PROBLEM REQUIREMENTS: Below is a block of records: output all of them exactly and leave out the pictures.

(Beginning of STUDY MATERIAL)

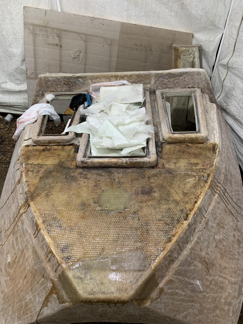 « Last post by Ulysses485 on November 07, 2025, 11:48:14 PM »Filled in the big access hole in the casting deck with two (2) layers of 1708 and built back the "top layer" of the deck with a layer of 3610. 3/8'' coring (not photographed yet) has been cut and is ready to be bonded and laminated with glass.
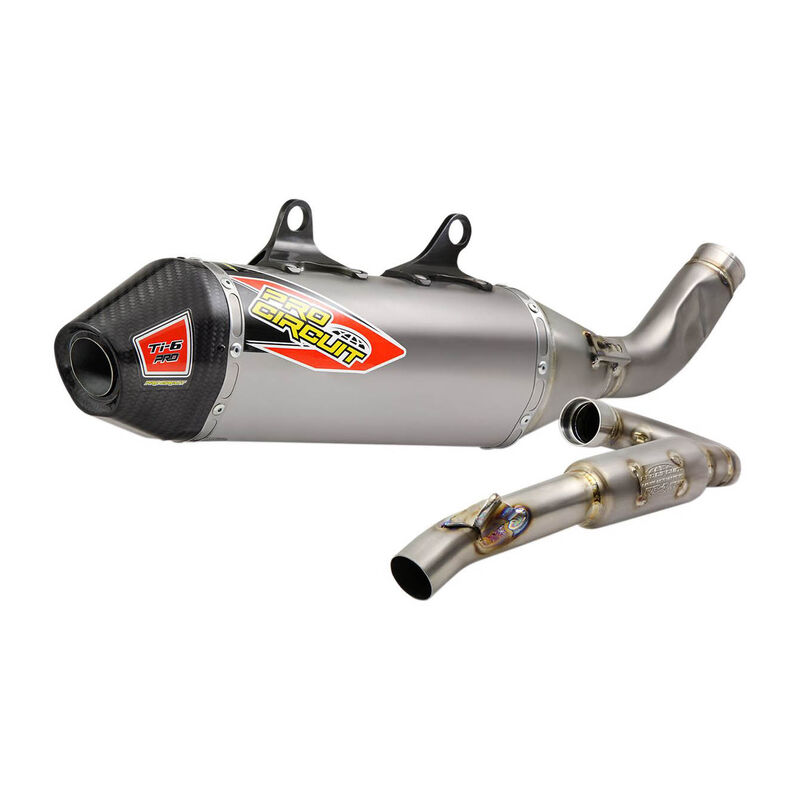 PROCIRCUIT T-6 PRO AUSPUFFANLAGE Die Ti-6 Pro Titan Auspuffanlage wurde zur Leistungsoptimierung entwickelt. Der Krümmer, der Y-Mittelteil und das Schalldämpfergehäuse sind aus Titan und die Endkappe ist aus Carbonfaser gefertigt. Optimiert die Leistung, wo die Ti-5 Abgasanlage Schwächen aufwies. Und ganz nach den Wünschen unserer Kunden wurde ein charakteristischer Klang entwickelt, der zum modernen Fahrer passt. Die Ti-6-Pro Anlage wurde speziell für professionelle Fahrer entwickelt und erfüllt die FIM Geräuschvorschriften. Dafür ist der Ti-6 Pro ohne Funkenfänger ausgestattet. FEATURES: * Gesteigerte Leistung * Y-Mittelteil und Schalldämpfer aus Titan, Endkappe aus Carbonfaser * RC-4 Resonanzkammer zur Lärmreduzierung * TIG geschweisst * Gefräste Verbindung zwischen Mittelteil und Krümmer für eine optimale Passform ohne Leckagen * Aluminium-Halter * Erfüllt die FIM Geräuschvorschriften * Made in USA Auspuffanlage,Komplettanlage,Auspuffsystem,Exhaust,Silencer,Uspuff,Topf Passend auf: GAS GAS MC 250F HUSQVARNA FC250 KTM 250 SX-F
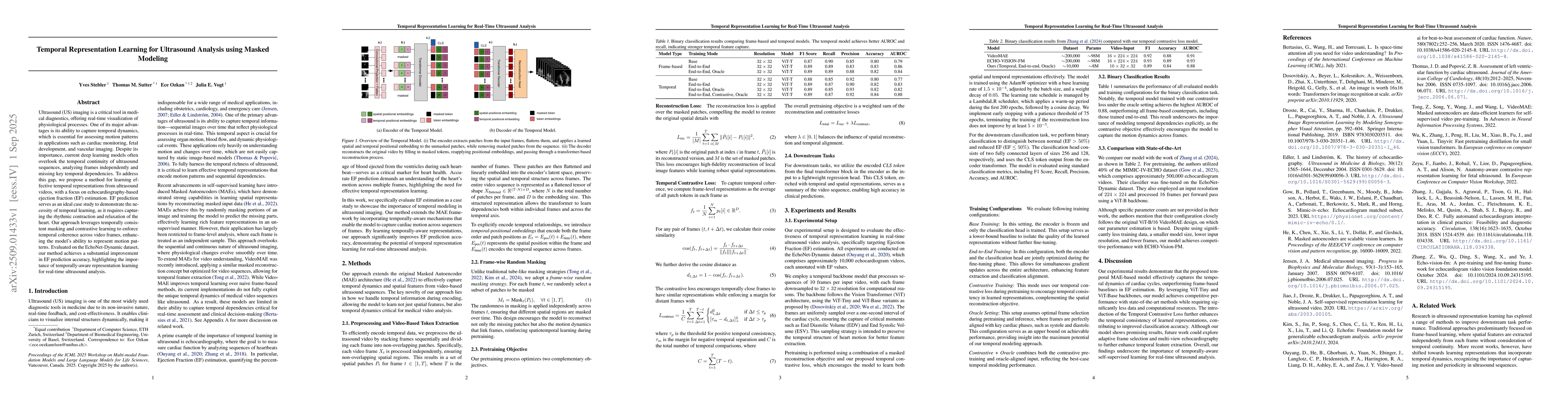 Ultrasound (US) imaging is a critical tool in medical diagnostics, offering real-time visualization of physiological processes. One of its major advantages is its ability to capture temporal dynamics, which is essential for assessing motion patterns in applications such as cardiac monitoring, fetal development, and vascular imaging. Despite its importance, current deep learning models often overlook the temporal continuity of ultrasound sequences, analyzing frames independently and missing key temporal dependencies. To address this gap, we propose a method for learning effective temporal representations from ultrasound videos, with a focus on echocardiography-based ejection fraction (EF) estimation. EF prediction serves as an ideal case study to demonstrate the necessity of temporal learning, as it requires capturing the rhythmic contraction and relaxation of the heart. Our approach leverages temporally consistent masking and contrastive learning to enforce temporal coherence across video frames, enhancing the model's ability to represent motion patterns. Evaluated on the EchoNet-Dynamic dataset, our method achieves a substantial improvement in EF prediction accuracy, highlighting the importance of temporally-aware representation learning for real-time ultrasound analysis.
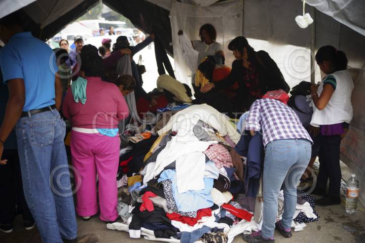 MÉXICO, D.F..18SEPTIEMBRE2013.- Los maestros del CNTE en su campamento en el monumento a la revolución instalaron centros de acopio para apoyar a los damnificados en Oaxaca por las tormentas Manuel e Ingrid. Es importante señalar que unicamente son permitidos latas de atún o sardina, sopa de pasta, consomé en polvo, frijol en lata o en granos, lentejas, arroz, verduras enlatadas, chiles enlatados, puré de tomate, aceite, azúcar, café soluble, sal, mermelada, mayonesa. Así mismo se requieren artículos de higiene personal como pañales, jabón, papel higiénico, pasta dental, así como sandalias y colchas nuevas. FOTO: ALEJANDRO NEYRA /CUARTOSCURO.COM
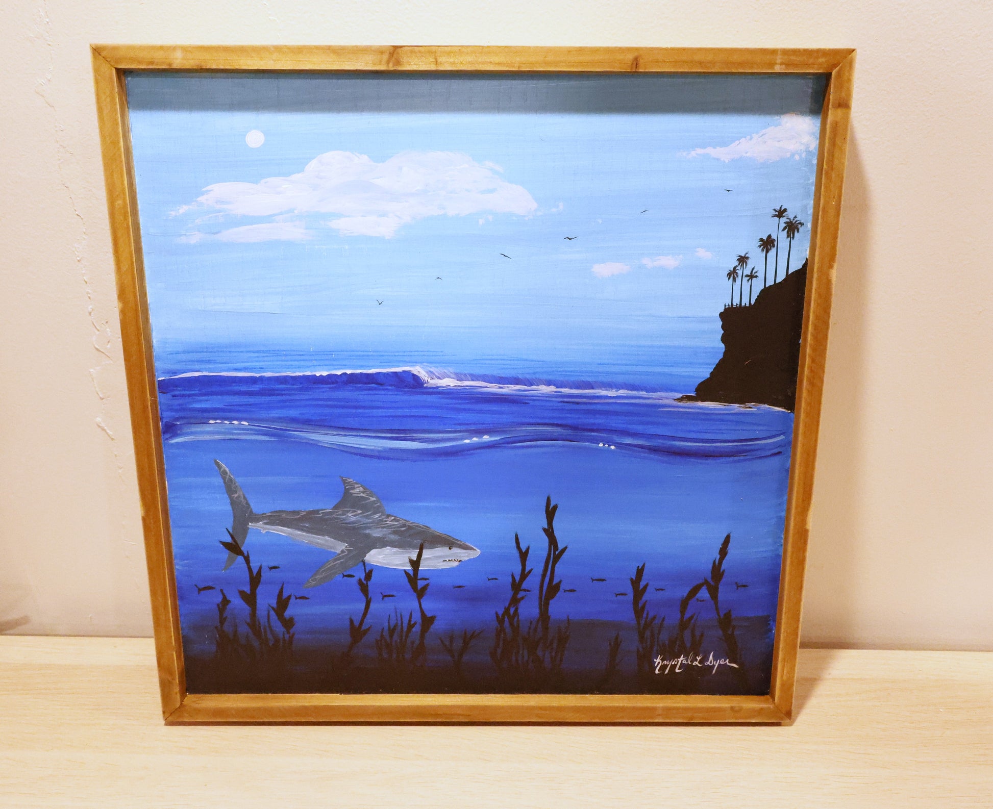 19 ¾ x 19 ¾ inches acrylic on wood painting. Painted live by Krystal L. Dyer on October 14, 2023, during “Rebel Shakedown” at the Baja Roots Festival in Rosarito, Mexico. A striking underwater view of a great white shark gliding through ocean kelp, with waves rolling above and a coastal cliff lined with palms under a bright sky. Framed and signed by the artist.

(End of STUDY MATERIAL)

ANSWER TO THE PROBLEM:
 « Last post by Ulysses485 on November 07, 2025, 11:48:14 PM »Filled in the big access hole in the casting deck with two (2) layers of 1708 and built back the "top layer" of the deck with a layer of 3610. 3/8'' coring (not photographed yet) has been cut and is ready to be bonded and laminated with glass.
 PROCIRCUIT T-6 PRO AUSPUFFANLAGE Die Ti-6 Pro Titan Auspuffanlage wurde zur Leistungsoptimierung entwickelt. Der Krümmer, der Y-Mittelteil und das Schalldämpfergehäuse sind aus Titan und die Endkappe ist aus Carbonfaser gefertigt. Optimiert die Leistung, wo die Ti-5 Abgasanlage Schwächen aufwies. Und ganz nach den Wünschen unserer Kunden wurde ein charakteristischer Klang entwickelt, der zum modernen Fahrer passt. Die Ti-6-Pro Anlage wurde speziell für professionelle Fahrer entwickelt und erfüllt die FIM Geräuschvorschriften. Dafür ist der Ti-6 Pro ohne Funkenfänger ausgestattet. FEATURES: * Gesteigerte Leistung * Y-Mittelteil und Schalldämpfer aus Titan, Endkappe aus Carbonfaser * RC-4 Resonanzkammer zur Lärmreduzierung * TIG geschweisst * Gefräste Verbindung zwischen Mittelteil und Krümmer für eine optimale Passform ohne Leckagen * Aluminium-Halter * Erfüllt die FIM Geräuschvorschriften * Made in USA Auspuffanlage,Komplettanlage,Auspuffsystem,Exhaust,Silencer,Uspuff,Topf Passend auf: GAS GAS MC 250F HUSQVARNA FC250 KTM 250 SX-F
 Ultrasound (US) imaging is a critical tool in medical diagnostics, offering real-time visualization of physiological processes. One of its major advantages is its ability to capture temporal dynamics, which is essential for assessing motion patterns in applications such as cardiac monitoring, fetal development, and vascular imaging. Despite its importance, current deep learning models often overlook the temporal continuity of ultrasound sequences, analyzing frames independently and missing key temporal dependencies. To address this gap, we propose a method for learning effective temporal representations from ultrasound videos, with a focus on echocardiography-based ejection fraction (EF) estimation. EF prediction serves as an ideal case study to demonstrate the necessity of temporal learning, as it requires capturing the rhythmic contraction and relaxation of the heart. Our approach leverages temporally consistent masking and contrastive learning to enforce temporal coherence across video frames, enhancing the model's ability to represent motion patterns. Evaluated on the EchoNet-Dynamic dataset, our method achieves a substantial improvement in EF prediction accuracy, highlighting the importance of temporally-aware representation learning for real-time ultrasound analysis.
 MÉXICO, D.F..18SEPTIEMBRE2013.- Los maestros del CNTE en su campamento en el monumento a la revolución instalaron centros de acopio para apoyar a los damnificados en Oaxaca por las tormentas Manuel e Ingrid. Es importante señalar que unicamente son permitidos latas de atún o sardina, sopa de pasta, consomé en polvo, frijol en lata o en granos, lentejas, arroz, verduras enlatadas, chiles enlatados, puré de tomate, aceite, azúcar, café soluble, sal, mermelada, mayonesa. Así mismo se requieren artículos de higiene personal como pañales, jabón, papel higiénico, pasta dental, así como sandalias y colchas nuevas. FOTO: ALEJANDRO NEYRA /CUARTOSCURO.COM
 19 ¾ x 19 ¾ inches acrylic on wood painting. Painted live by Krystal L. Dyer on October 14, 2023, during “Rebel Shakedown” at the Baja Roots Festival in Rosarito, Mexico. A striking underwater view of a great white shark gliding through ocean kelp, with waves rolling above and a coastal cliff lined with palms under a bright sky. Framed and signed by the artist.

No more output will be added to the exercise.